Assignment ▸
Every line of the listing is returned unchanged, and every picture is dropped.

Given material ▸
###

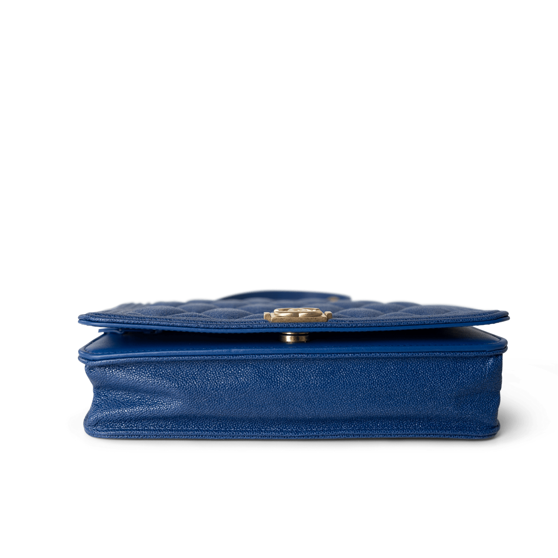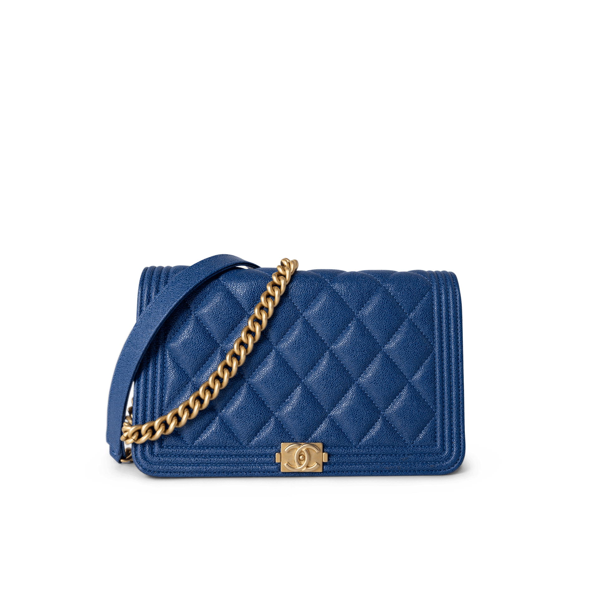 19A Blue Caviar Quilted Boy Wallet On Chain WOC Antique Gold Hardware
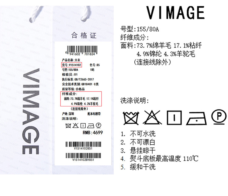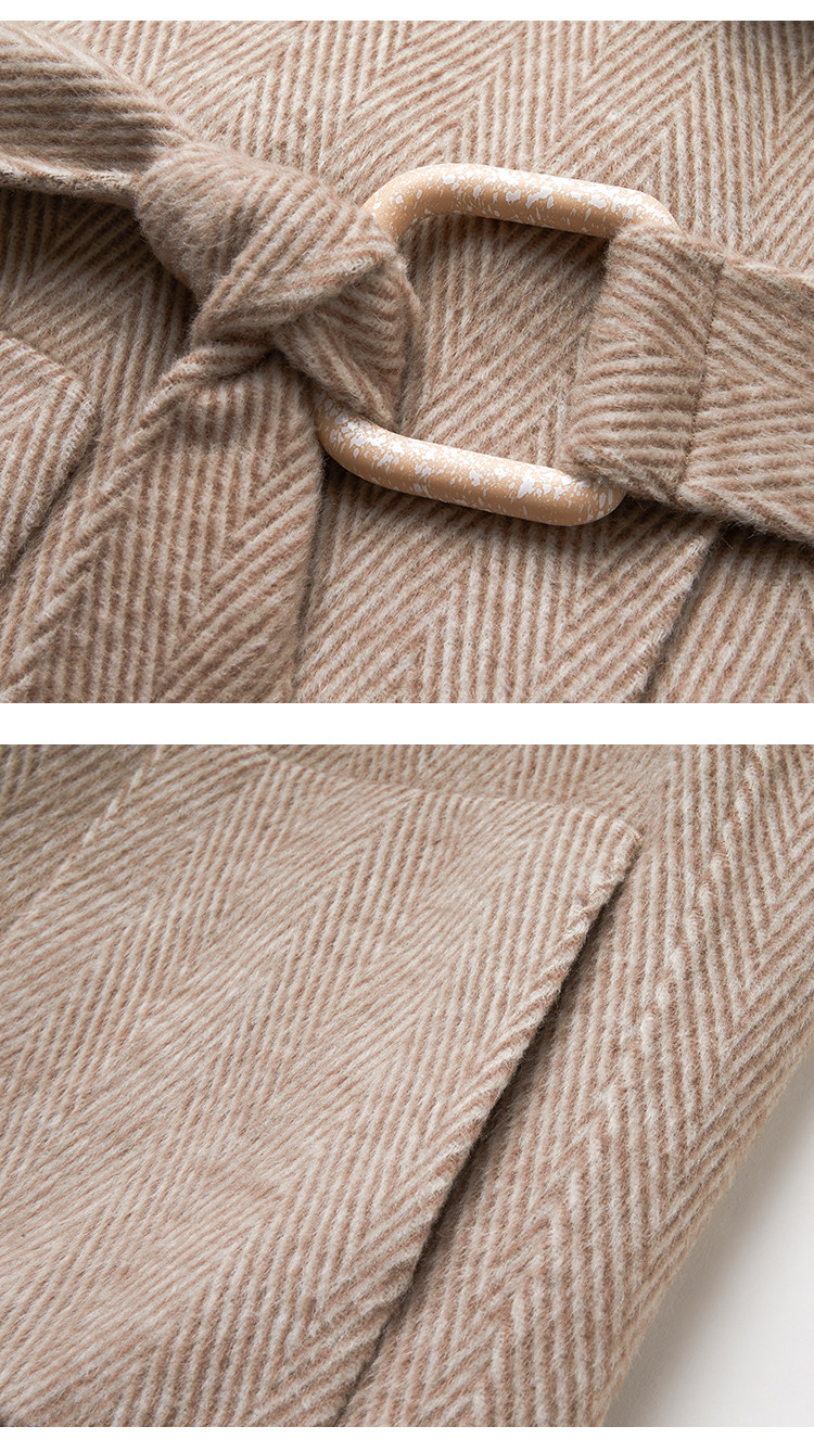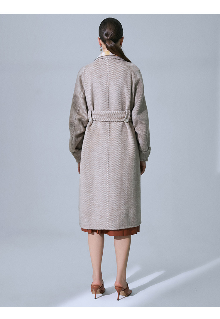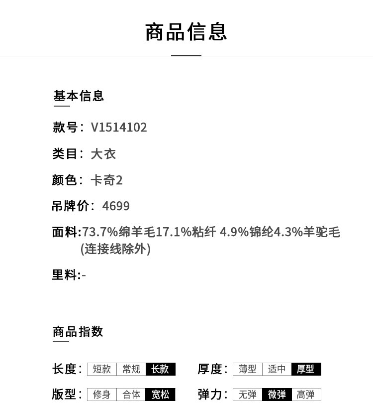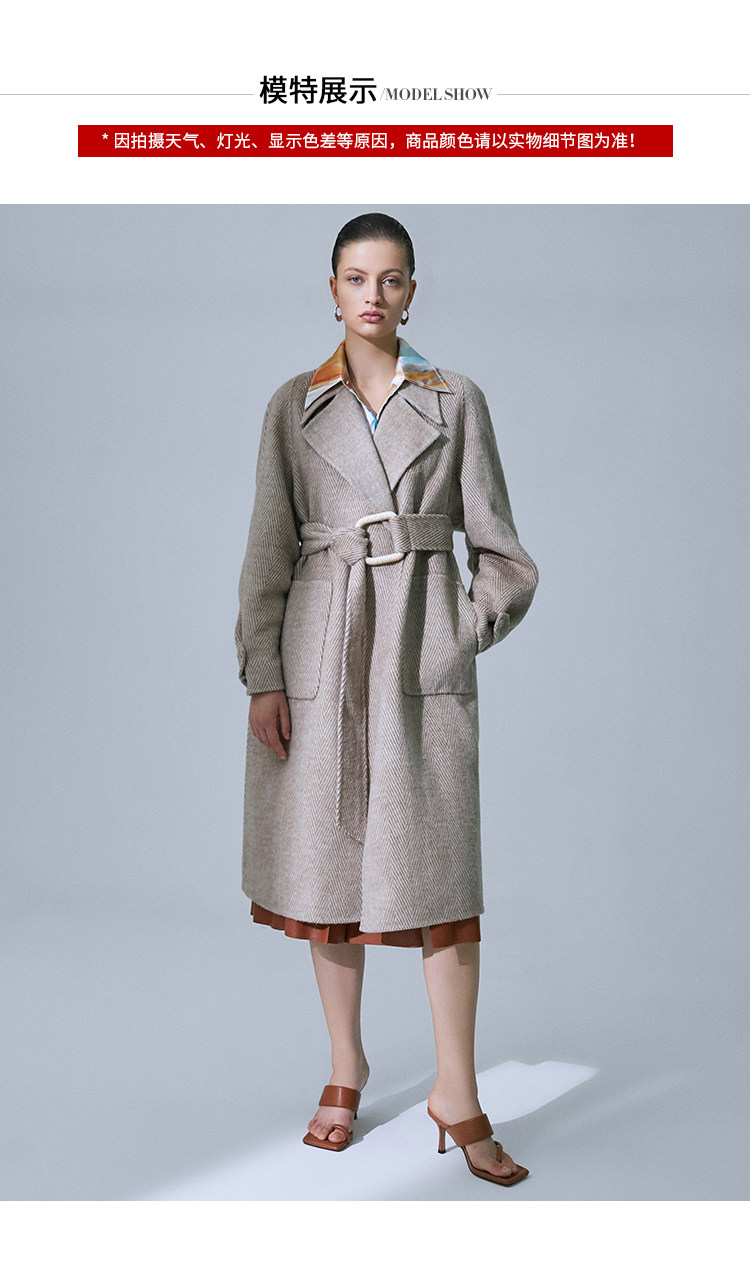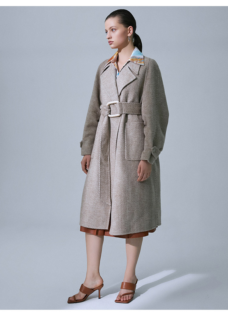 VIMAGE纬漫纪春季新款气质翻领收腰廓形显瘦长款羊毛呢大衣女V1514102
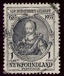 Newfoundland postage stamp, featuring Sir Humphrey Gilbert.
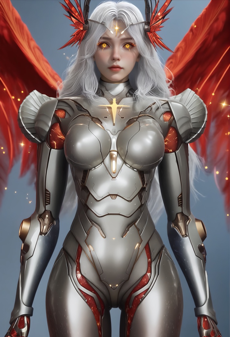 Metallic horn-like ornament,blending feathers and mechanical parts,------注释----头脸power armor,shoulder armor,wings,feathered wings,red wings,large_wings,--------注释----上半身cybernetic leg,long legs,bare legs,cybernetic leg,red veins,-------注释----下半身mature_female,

###

Solution ▸
 19A Blue Caviar Quilted Boy Wallet On Chain WOC Antique Gold Hardware
 VIMAGE纬漫纪春季新款气质翻领收腰廓形显瘦长款羊毛呢大衣女V1514102
 Newfoundland postage stamp, featuring Sir Humphrey Gilbert.
 Metallic horn-like ornament,blending feathers and mechanical parts,------注释----头脸power armor,shoulder armor,wings,feathered wings,red wings,large_wings,--------注释----上半身cybernetic leg,long legs,bare legs,cybernetic leg,red veins,-------注释----下半身mature_female,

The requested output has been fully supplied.